# Working with Categorical Data in Python

## What Does it Mean to be "Categorical"?

A variable is usually considered categorical if it contains a finite number of distinct groups - or categories. This type of data is also known as qualitative data. In contrast, numerical data (quantitative data) is expressed using values and measurements.

### Example

In [None]:
import pandas as pd

# Example of categorical data
data = {'Category': ['Red', 'Blue', 'Green', 'Red', 'Blue']}
df = pd.DataFrame(data)
print(df['Category'].value_counts())

## Ordinal vs. Nominal Variables

Categorical data can be further broken down into two types: **ordinal** (with a natural order) and **nominal** (without a natural order).

### Example

In [None]:
# Ordinal example
ordinal_data = {'Rating': ['Poor', 'Fair', 'Good', 'Very Good', 'Excellent']}
ordinal_df = pd.DataFrame(ordinal_data)

# Nominal example
nominal_data = {'Color': ['Red', 'Green', 'Blue']}
nominal_df = pd.DataFrame(nominal_data)

## Our First Dataset

We'll explore the adult census income dataset to learn about categorical variables. This dataset contains information on US adults and whether they make over $50,000 annually.

### Example

In [None]:
# Load the dataset
url = 'https://www.kaggle.com/uciml/adult-census-income'
census_data = pd.read_csv('path_to_your_dataset.csv')

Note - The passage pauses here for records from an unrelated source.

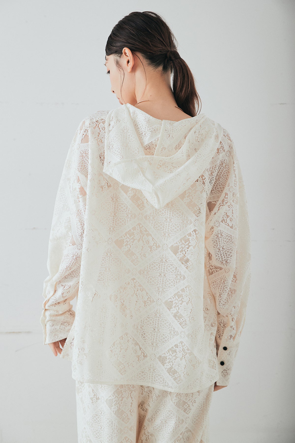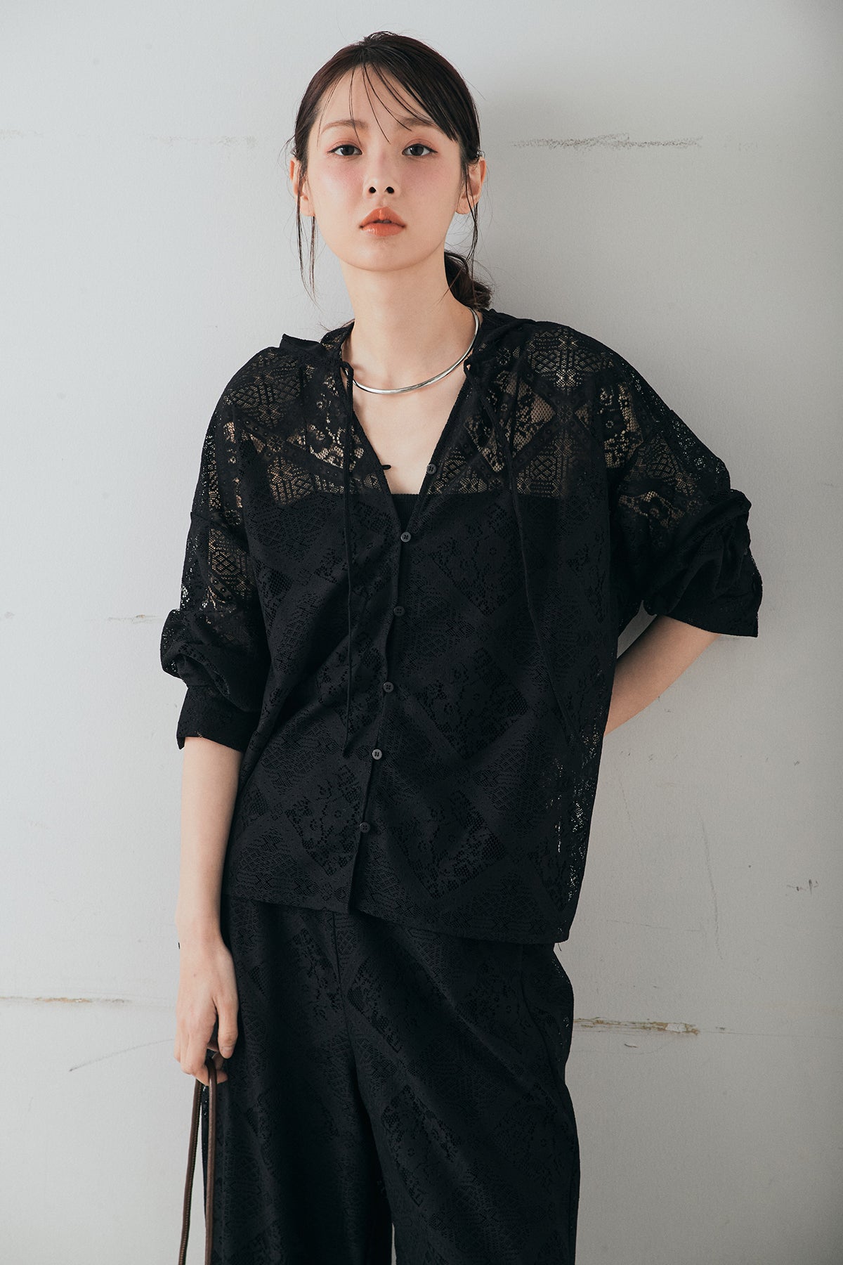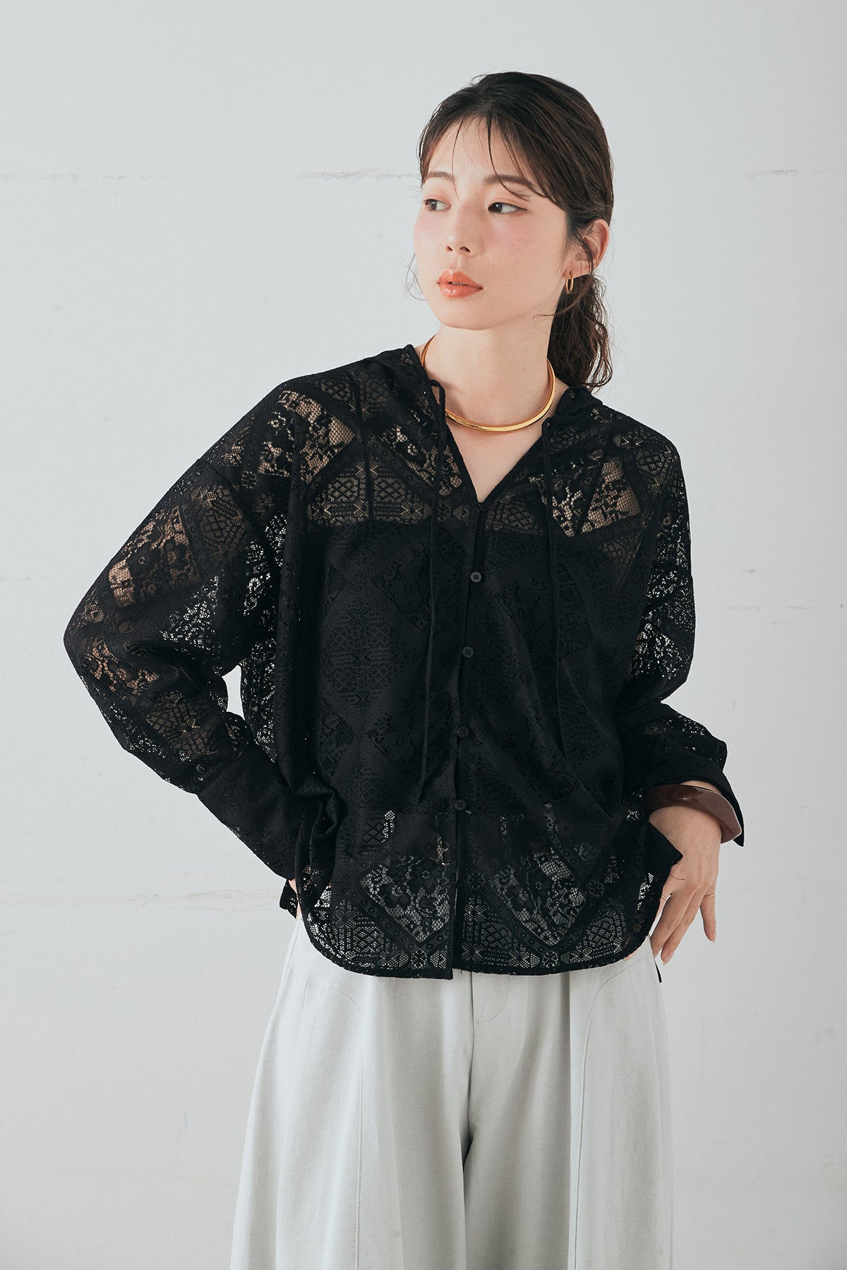 繊細なブロックレースが印象的なフード付きブラウス。 透け感のある軽やかな素材が抜け感を生み、スタイリングにさりげない華やかさをプラスします。フードデザインが程よくカジュアルなニュアンスを添え、甘さを抑えたバランスの良い一枚に。 前開き仕様で羽織りとしても着用でき、インナー次第で幅広いレイヤードスタイルを楽しめるアイテムです。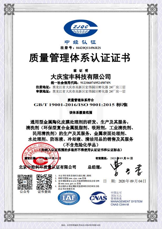 質(zhì)量管理體系認(rèn)證證書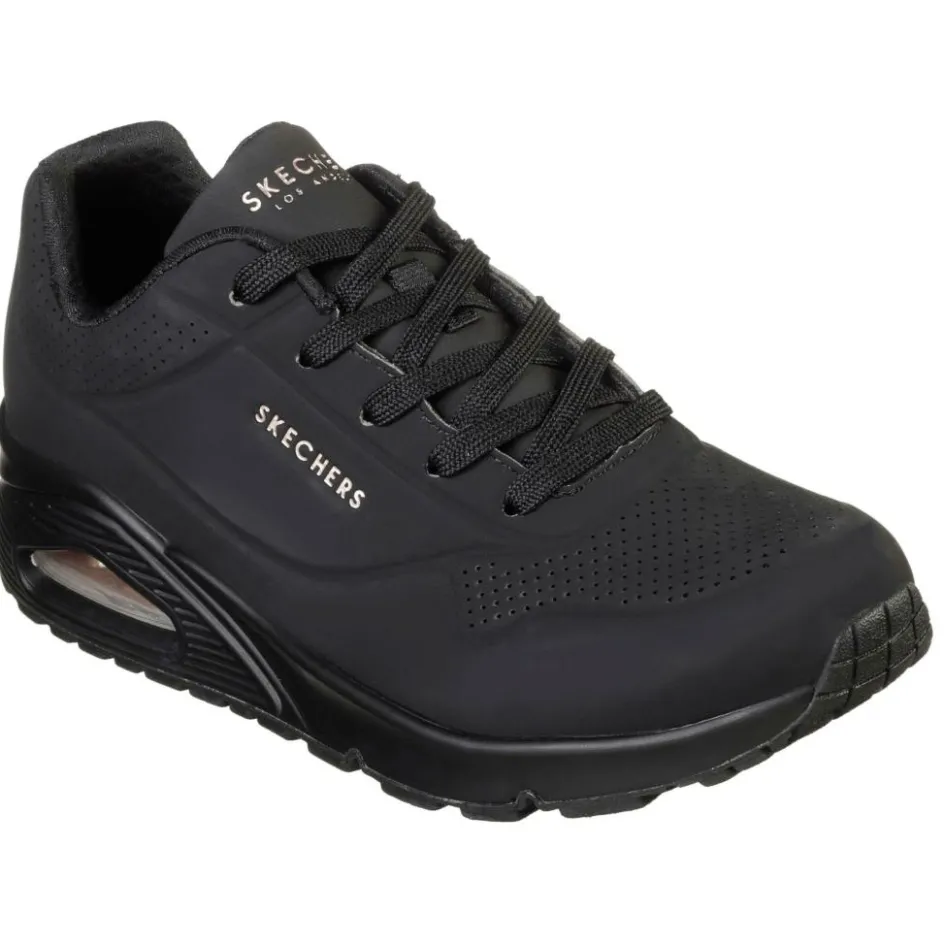 De Skechers Uno – Stand on Air schoenen voor dames hebben een retro uiterlijk en zijn helemaal zwart. De Air Cushioned tussenzool geeft samen met de Air Cooled Memory Foam binnenzool veel comfort.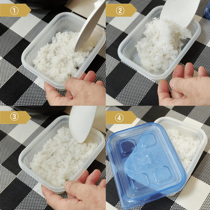 ふっくらと空気を含ませてよそい、お米同士の適度な隙間を確保しましょう。解凍時に出る水分とごはんとの接触面が少なく、ムラなく加熱できる構造のものを選ぶことで、冷凍ごはんがおいしくなります。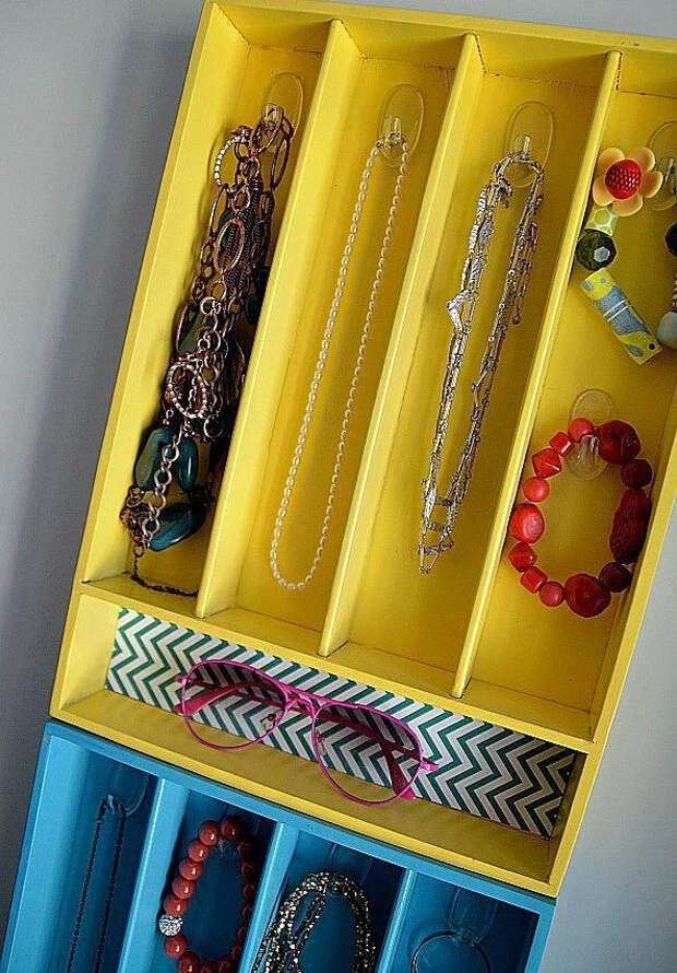 Такие лотки обычно кладут в кухонный ящик, чтобы хранить в них столовые приборы. Однако с их помощью можно сделать удобные полочки-органайзеры для хранения украшений и мелочей.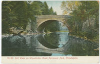 Depicts the stone bridge spanning Wissahickon Creek leading to Springfield Avenue. Built in 1832 and rebuilt in 1915. Also referred to as the Springfield Avenue Bridge.

# Check the dataset's info
print(census_data.info())

## Using Describe

You can use the `describe()` method to explore a categorical variable like marital status.

### Example

In [None]:
# Describe marital status
print(census_data['Marital Status'].describe())

## Using Value Counts

Use the `value_counts()` method to create a frequency table of unique values.

### Example

In [None]:
# Value counts of marital status
print(census_data['Marital Status'].value_counts())

## Using Value Counts with Normalize

The `normalize=True` parameter gives the relative frequencies of the unique values.

### Example

In [None]:
# Normalized value counts
print(census_data['Marital Status'].value_counts(normalize=True))

## Knowledge Check

Let's recap the different types of data we've discussed by working through a couple of exercises.

### Example Exercise

1. Load the dataset and check the unique values in the "Occupation" column.
2. Create a bar plot to visualize the distribution of "Education" levels.

In [None]:
import seaborn as sns
import matplotlib.pyplot as plt

# Unique values in Occupation
print(census_data['Occupation'].unique())

# Bar plot of Education levels
sns.countplot(y='Education', data=census_data)
plt.title('Distribution of Education Levels')
plt.show()